(Exercise details)
Strip the pictures and reproduce the rest of the listing exactly.

(The data)
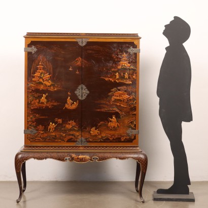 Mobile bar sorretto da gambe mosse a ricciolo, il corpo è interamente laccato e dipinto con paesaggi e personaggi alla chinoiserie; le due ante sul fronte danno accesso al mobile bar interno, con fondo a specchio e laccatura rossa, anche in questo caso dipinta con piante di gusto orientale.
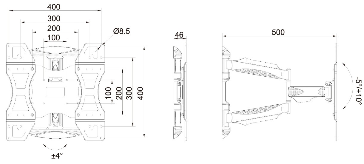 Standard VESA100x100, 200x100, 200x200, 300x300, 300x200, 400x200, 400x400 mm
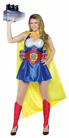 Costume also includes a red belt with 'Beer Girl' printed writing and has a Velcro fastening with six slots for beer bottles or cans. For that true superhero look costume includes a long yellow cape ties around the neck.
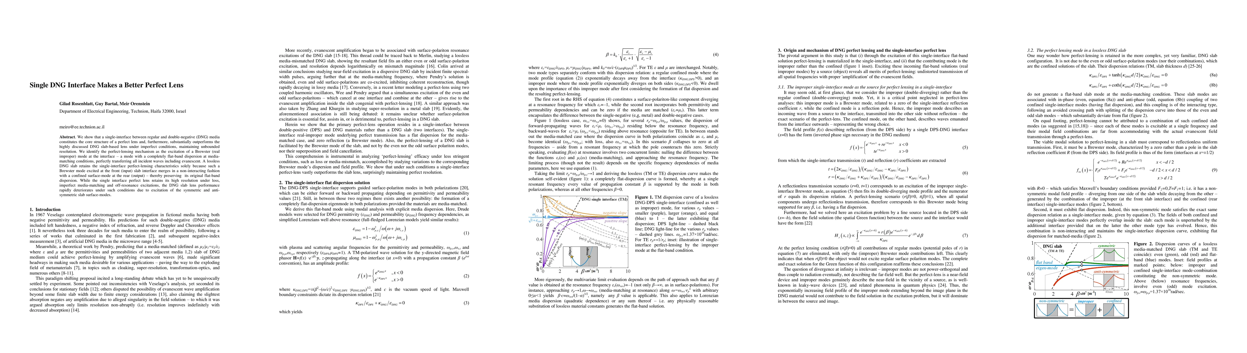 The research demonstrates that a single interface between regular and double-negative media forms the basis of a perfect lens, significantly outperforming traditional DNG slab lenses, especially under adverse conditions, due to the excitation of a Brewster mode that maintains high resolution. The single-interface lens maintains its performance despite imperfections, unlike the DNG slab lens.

(Result of this exercise)
 Mobile bar sorretto da gambe mosse a ricciolo, il corpo è interamente laccato e dipinto con paesaggi e personaggi alla chinoiserie; le due ante sul fronte danno accesso al mobile bar interno, con fondo a specchio e laccatura rossa, anche in questo caso dipinta con piante di gusto orientale.
 Standard VESA100x100, 200x100, 200x200, 300x300, 300x200, 400x200, 400x400 mm
 Costume also includes a red belt with 'Beer Girl' printed writing and has a Velcro fastening with six slots for beer bottles or cans. For that true superhero look costume includes a long yellow cape ties around the neck.
 The research demonstrates that a single interface between regular and double-negative media forms the basis of a perfect lens, significantly outperforming traditional DNG slab lenses, especially under adverse conditions, due to the excitation of a Brewster mode that maintains high resolution. The single-interface lens maintains its performance despite imperfections, unlike the DNG slab lens.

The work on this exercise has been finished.